11. Why should people care about the article? What is the importance, impact or significance of the article for you, for your community and for the scientific community?

Possible student response: All life on Earth depends on the sun, so it is in our own best interest to understand how it works. Along the way, we might learn more about the characteristics of stars that make orbiting planets more or less conducive to life, how to design spacecraft that could collect solar energy and send it to Earth or how to design new heat resistant materials for applications such as engines and power plants.

12. Based on information in the article or on your own ideas, in what direction(s) could this scientific work go in the future? What practical applications could the research have?

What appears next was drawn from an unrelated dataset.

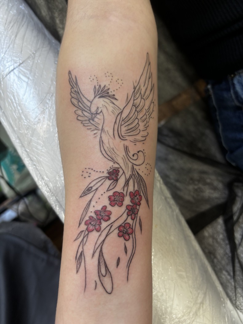 Для кольорового татуювання найкращим вибором буде акварельний стиль. Яскраві вогняні «мазки» найкраще передають динаміку польоту птиці та розмах її крил.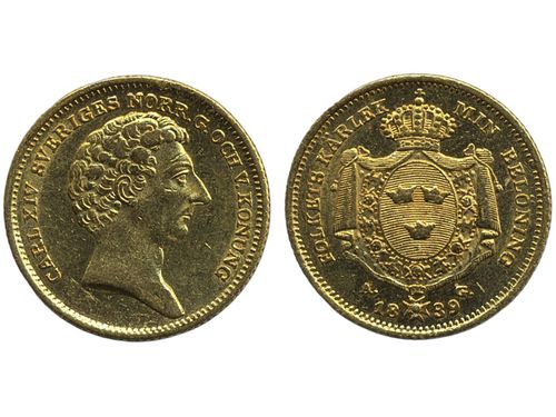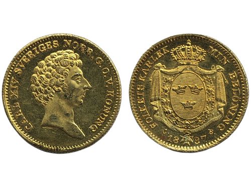 Coins, Sweden. Karl XIV Johan, SM 32, 1 dukat 1837. Lightly cleaned. Minor obverse digs on cheek. 1+/01. Coins, Sweden. Karl XIV Johan, SM 32, 1 dukat 1837. Lightly cleaned. Minor obverse digs on cheek. 1+/01. Visa mindre

Possible student response: The Parker Solar Probe could help to inform potential missions of future space probes. Knowing more information about our own star could better inform us about stars in other solar systems. Once the probe’s data are transmitted back to Earth, scientists will be able to learn more about the sun’s super-heated atmosphere and the solar wind. That information may help scientists better predict space-weather events that could affect space mission or even extreme weather events on Earth.

13. What questions remain unanswered and what new questions need to be addressed?

Possible student response: How much closer could a probe get to the sun, and what design and materials would help it get as close as possible? Instead of the white ceramic face of the heat shield, would a highly reflective surface work better, or a surface designed to reflect a wide range of wavelengths of electromagnetic radiation? Could the heat shield be thicker, or could there be a series of heat shields? Could the spacecraft generate a magnetic field strong enough to protect it from most high-energy charged particles? Could the radiator be made much larger and extended far out behind the probe in the shadow of the heat shield?

14. What related work might you or other students be able to do, perhaps as a science fair project?

Possible student response: I could design, make and test a model of a heat shield using materials similar to the solar probe’s shield. Or I could design and model other scientific instruments or new scientific instruments. Experimental testing of any space probe instrument model should include calculations and/or explanations about how different the space environment would be from the testing environment.

NGSS-specific questions:

15. Circle or highlight scientific processes that are covered in the article. Such processes may include asking questions and defining problems, developing and using models, planning and carrying out investigations, analyzing and interpreting data, using mathematics and computational thinking, constructing explanations and designing solutions, engaging in argument from evidence, obtaining, evaluating, and communicating information. Cite an example from the text for one of the processes.

Possible student response: Asking questions and defining problems, developing and using models and planning and carrying out investigations are the scientific processes covered in the article. The article explains how researchers at the Max Planck Institute for Nuclear Physics in Heidelberg, Germany, tested telescope lens materials’ ability to withstand solar dust particles. In the experiment, fast-moving iron particles collided with candidate materials. Researchers measured the damage, which helped inform what material was best to use.

 

16. Explain how the article represents one of the following concepts: patterns; cause and effect; scale, proportion or quantity; systems and system models; matter and energy; structure and function; rates of change and stability of a system.

Possible student response: The concept of “systems and system models” is demonstrated throughout the design and testing of the Parker Solar Probe instruments. The article describes the numerous experiments used to replicate sunlike conditions that the probe will experience. For example, to model the sun’s heat, the PROMES facility in Odeillo, France allowed engineers to heat materials in a vacuum to 3000° Celsius. Modeling conditions that the probe will experience in space was very important when designing and testing the probe.